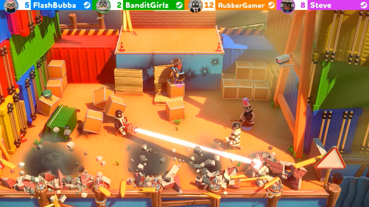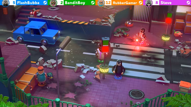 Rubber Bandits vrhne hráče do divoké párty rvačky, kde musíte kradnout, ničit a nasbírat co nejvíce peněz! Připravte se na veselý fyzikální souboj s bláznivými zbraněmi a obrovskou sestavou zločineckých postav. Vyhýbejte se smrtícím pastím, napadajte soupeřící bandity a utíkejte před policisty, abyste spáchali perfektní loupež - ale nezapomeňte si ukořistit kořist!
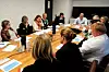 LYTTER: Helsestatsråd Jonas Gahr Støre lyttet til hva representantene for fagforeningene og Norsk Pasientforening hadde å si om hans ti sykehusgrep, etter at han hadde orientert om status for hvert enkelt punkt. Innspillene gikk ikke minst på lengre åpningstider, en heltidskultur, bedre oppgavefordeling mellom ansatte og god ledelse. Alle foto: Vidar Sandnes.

---

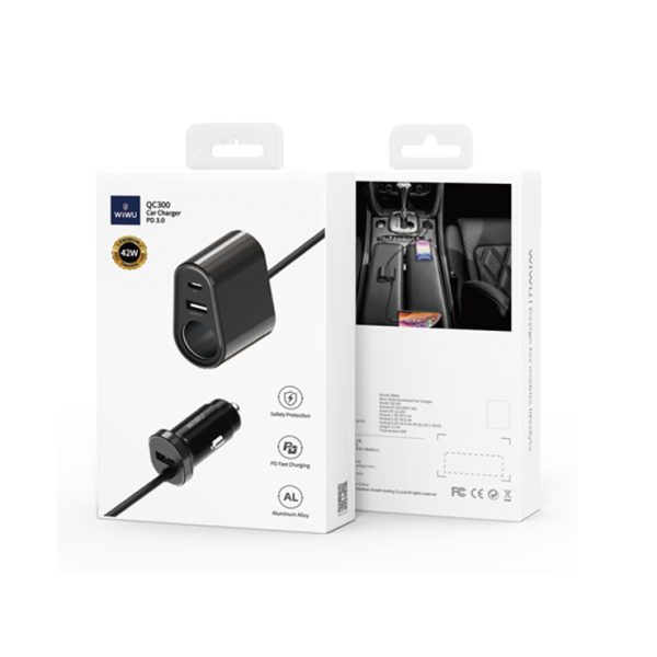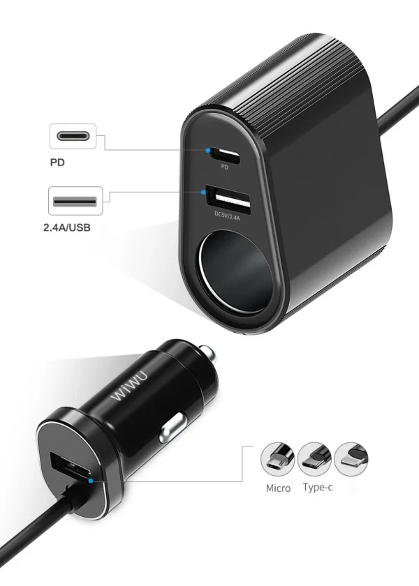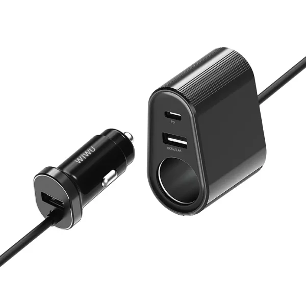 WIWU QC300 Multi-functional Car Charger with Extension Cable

WHAT NEEDS TO BE DONE >>
Copy exactly the material above from the line with "Rubber Bandits vrhne" to the line with "LYTTER: Helsestatsråd Jonas", ends included, and nothing else. Leave out any picture.

ANSWER BOX >>
 Rubber Bandits vrhne hráče do divoké párty rvačky, kde musíte kradnout, ničit a nasbírat co nejvíce peněz! Připravte se na veselý fyzikální souboj s bláznivými zbraněmi a obrovskou sestavou zločineckých postav. Vyhýbejte se smrtícím pastím, napadajte soupeřící bandity a utíkejte před policisty, abyste spáchali perfektní loupež - ale nezapomeňte si ukořistit kořist!
 LYTTER: Helsestatsråd Jonas Gahr Støre lyttet til hva representantene for fagforeningene og Norsk Pasientforening hadde å si om hans ti sykehusgrep, etter at han hadde orientert om status for hvert enkelt punkt. Innspillene gikk ikke minst på lengre åpningstider, en heltidskultur, bedre oppgavefordeling mellom ansatte og god ledelse. Alle foto: Vidar Sandnes.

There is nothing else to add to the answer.